O facto de a especulação e os crimes financeiros terem causado a pior crise económica desde o século passado pesa muito pouco na balança da justiça.

É bem conhecida a máxima: «Demasiado grandes para falirem» («Too Big To Fail»). A forma como os governos geriram a crise provocada pelos bancos acabou por dar origem a uma nova doutrina que se pode resumir assim: «Demasiado grandes para serem condenados» |1|; ou «Demasiado grandes para serem presos», traduzindo à letra o novo adágio que floresce nos EUA e no Reino Unido: «Too Big to Jail» |2|, que rima com «Too Big to Fail». De facto, embora o governo dos EUA tenha deixado o Lehman Brothers falir, nenhum banco foi encerrado |3| ou desmantelado por decisão judicial, nenhum dirigente da banca foi condenado a uma pena de prisão. A única excepção no mundo ocidental vem da Islândia, onde a justiça condenou a penas de prisão três dirigentes da banca. Larus Welding, principal dirigente do banco Glitnir, que faliu em 2008 quando era o terceiro banco do país, foi condenado em finais de Dezembro de 2012 a nove meses de prisão. Sigurdur Einarsson e Hreidar Mar Sigurdsson, os dois principais dirigentes do banco Kauphing |4|, foram condenados respectivamente a cinco e cinco anos e meio de prisão em Dezembro de 2013 |5|.

No entanto, a justiça norte-americana e a europeia vêem-se confrontadas com delitos muito graves cometidos pelos maiores bancos: burla organizada contra clientes, os (pequenos) accionistas e os accionistas públicos, branqueamento de dinheiro proveniente do crime organizado, organização sistemática de fraude fiscal em grande escala, manipulação organizada das taxas de juro (Libor, Euribor, …), manipulação organizada dos mercados cambiais, falsificação de documentos, abuso de informação privilegiada, destruição de provas, enriquecimento ilegítimo, manipulação organizada do mercado de CDS, manipulação do mercado físico de commodities, cumplicidade em crimes de guerra |6|… e não acaba aqui a lista.

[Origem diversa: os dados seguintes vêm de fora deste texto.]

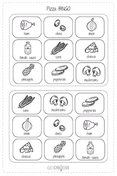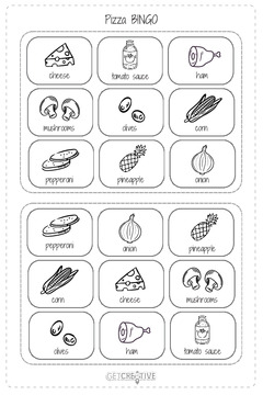 Plansze do gry bingo ćwiczące słownictwo związane z pizzą.

Eric Holder, procurador-geral dos EUA, quando inquirido em Junho de 2013 por uma comissão do Senado do seu país, resumiu claramente o fundamento da doutrina «Demasiado grandes para serem condenados». Declarou ele a propósito dos grandes bancos que «essas instituições são tão grandes que se torna difícil submetê-las à justiça, e se o fizéssemos, dar-nos-íamos conta que efectivamente inculpá-los de actividades criminosas poderia ter repercussões negativas na economia nacional, ou mesmo mundial» |7|.

As consequências desta posição são claras. O facto de a especulação e os crimes financeiros terem causado a pior crise económica desde o século passado pesa muito pouco na balança da justiça. Apesar de esses excessos estarem associados a uma epidemia de fraudes |8|, a todos os níveis das operações dos bancos dos EUA, essas instituições estão autorizadas a prosseguir as suas operações. Basta-lhes entrar num acordo com a justiça a fim de pagarem uma multa para evitarem uma condenação. Imaginem a seguinte situação: após um mês de investigação, a polícia descobre que uma certa pessoa roubou um milhão de euros. Essa pessoa, no momento em que é detida, declara ao juiz de instrução e à polícia: «Proponho pagar 2000 euros de multa e vocês deixam-me ir em liberdade e não fazem avançar o processo. De acordo?» O juiz e o polícia dizem-lhe: «Ok, não há problema, e desculpe o incómodo. Boa continuação. Faça por não ser apanhado da próxima vez, está bem?» O tratamento de favor ao qual têm direito os bancos responsáveis por delitos e crimes financeiros em nada difere desta situação imaginária e Bertold Brecht tinha toda a razão em perguntar: «Quem é o maior criminoso: aquele que rouba um banco ou aquele que funda um banco?» |9|.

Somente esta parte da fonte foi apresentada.